Author: Ashley Elston
Release date: May 14th 2013
Hardcover, 320 pages
Genre: contemporary thriller
Source: Publisher for review
Buy: The Book Depository
She’s been six different people in six different places: Madeline in Ohio, Isabelle in Missouri, Olivia in Kentucky . . . But now that she’s been transplanted to rural Louisiana, she has decided that this fake identity will be her last.Witness Protection has taken nearly everything from her. But for now, they’ve given her a new name, Megan Rose Jones, and a horrible hair color. For the past eight months, Meg has begged her father to answer one question: What on earth did he do – or see – that landed them in this god-awful mess? Meg has just about had it with all the Suits’ rules — and her dad’s silence. If he won’t help, it’s time she got some answers for herself.But Meg isn’t counting on Ethan Landry, an adorable Louisiana farm boy who’s too smart for his own good. He knows Meg is hiding something big. And it just might get both of them killed. As they embark on a perilous journey to free her family once and for all, Meg discovers that there’s only one rule that really matters — survival
The Rules for Disappearing is a book for those who are prepared to put logic aside, a least for a little while. It is comparable to an action movie, albeit one with solid characterization. It is captivating and very impressive in some ways, but if you expect it to be realistic and to always make sense, you might end up disappointed.

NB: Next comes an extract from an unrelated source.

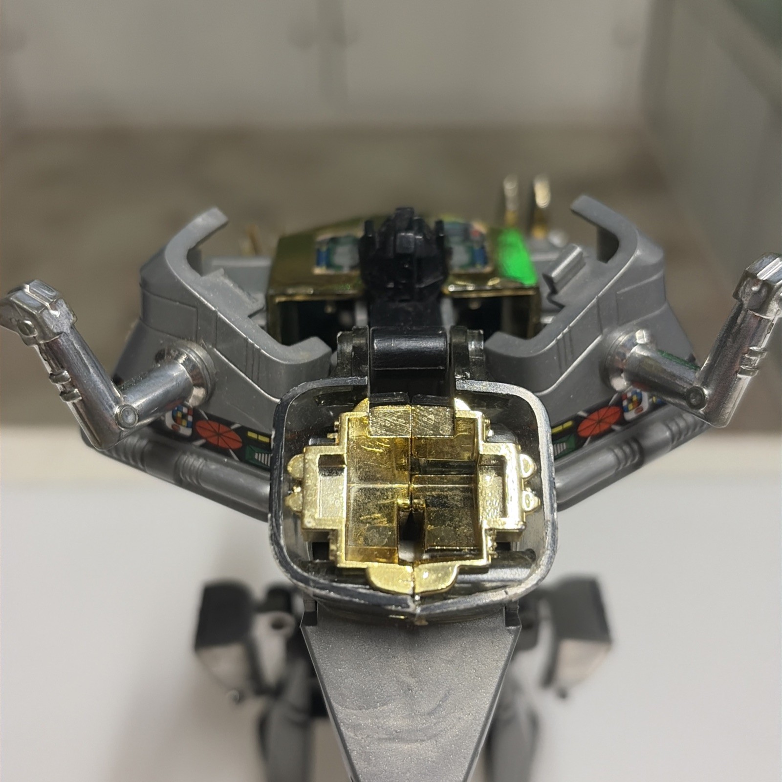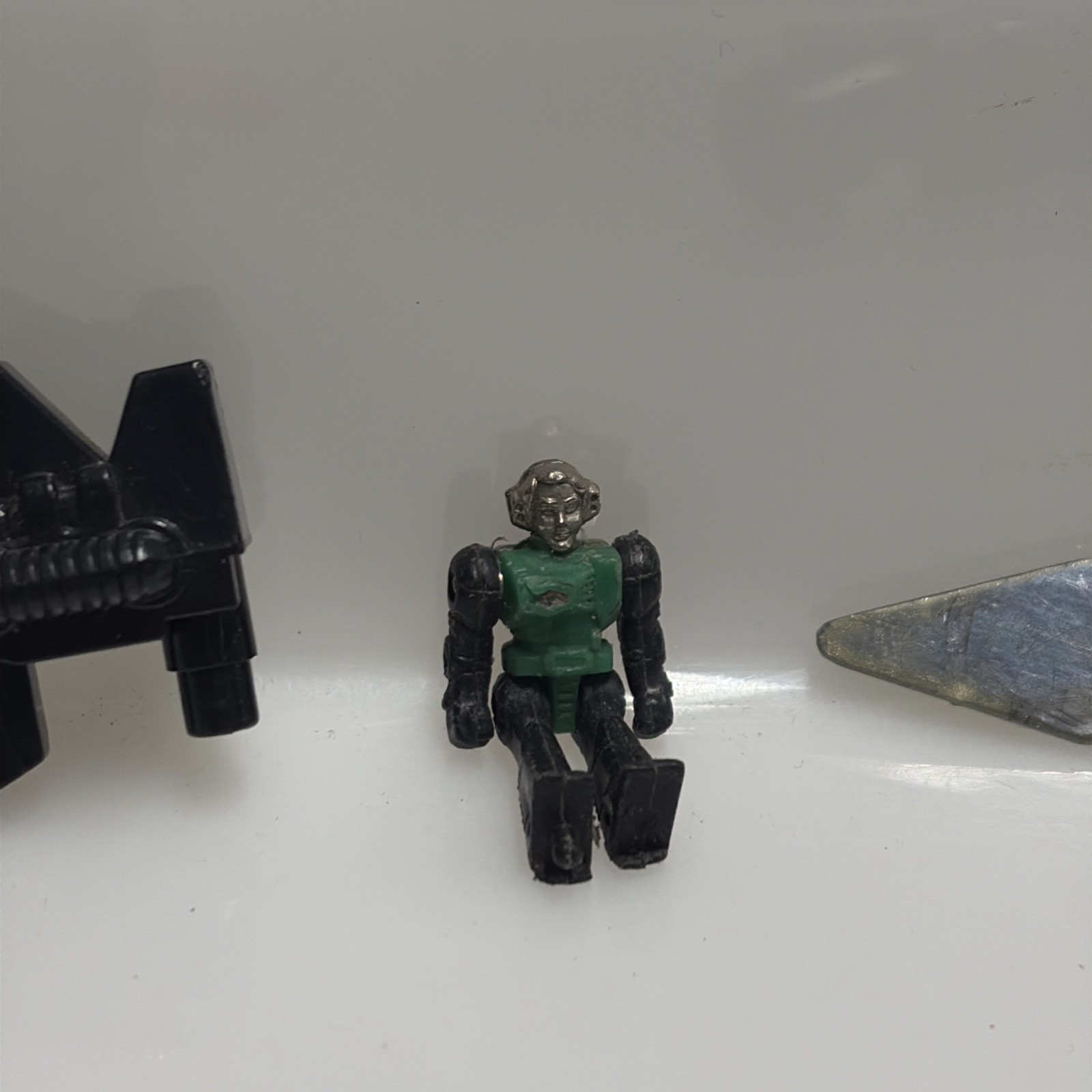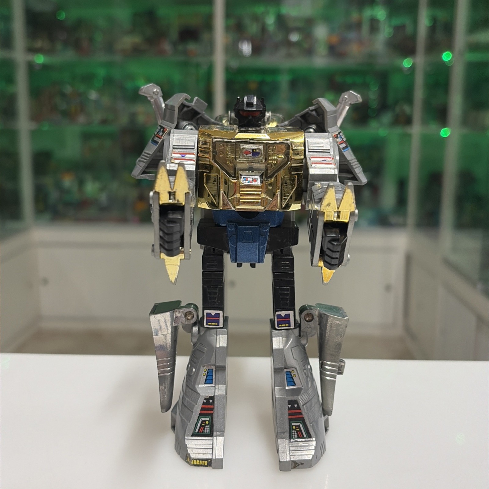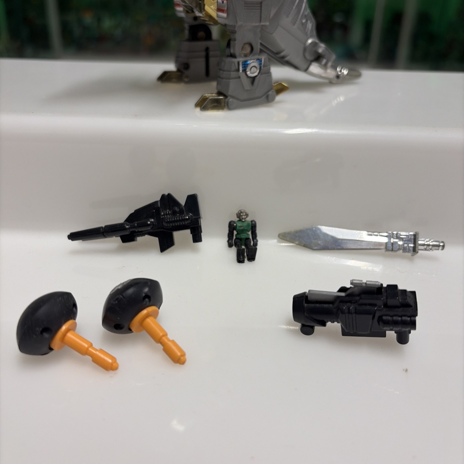 Oggetto in buone condizioni, giocato, completo di tutti gli accessori originali, perfettamente trasformabile . Presenta la rottura di uno dei due gancetti del collo del dino quando si chiude la testa, ma sta’ chiusa bene cmq . Il dianauta è mancante della parte calamitata e di uno dei due pernietti dove incastrano le calamite, la scatola esterna presenta svariati difetti, come da foto.

Meg and her younger sister Mary have been through so many witness protection placements that they don’t want to choose their own names anymore. What does it matter when it won't last more than a few weeks? Their parents are taking it even harder; their father is absentminded and generally unhelpful and their mother, a former cocktail party queen, is drunk around the clock. Meg and Mary are not the girls’ real names, of course, but they’re never allowed to use their own, not even among themselves. That is just one of the many rules they have to live by if they want to stay alive.
The suits, which is their name for the US Marshalls, are a constant looming presence in their lives. They can show up anytime, even in the middle of the night, and take them all to a new country with new names and a new life.
RULES FOR DISAPPEARING BY WITNESS PROTECTION PRISONER #18A7R04M: Don’t fall into a routine. Shake things up. Doing the same thing over and over makes you feel comfortable. And feeling comfortable is bad.
The first part of this book was utterly captivating. It focused on Meg and Mary’s internal struggles, their psychological traumas and their family issues. Meg had pretty much become apathetic, and Mary nearly catatonic, with occasional hysterical outburst, usually caused by men in suits. The second part, however, was where it all went wrong. As soon as Elston stopped focusing on the girls and started focusing on the reason for their placement in the Witness Protection, the story became far too unbelievable. I kept expecting Bruce Willis to pop out like jack-in-a-box, with a semi-automatic in hand and proclaim that he’s there to kill the bad guys and save them all. (No such luck, though.)
There’s also the small matter of Meg’s boyfriend Ethan. As much as I liked him as a character (and believe you me, he had some pretty adorable traits), him getting involved in this huge, dangerous mess for a girl he barely even knew just didn’t make sense. I couldn’t relax and enjoy their romance because my brain kept screaming ‘no one would do that, no one would do that, there’s no way in hell that a sane person would ever do that!’
I can easily imagine The Rules for Disappearing being turned into a movie, especially the second half (which is why I enjoyed the first much more). It is very tightly paced and dynamic. Although it had its problems, I wouldn’t hesitate to recommend it as a quick, exciting read.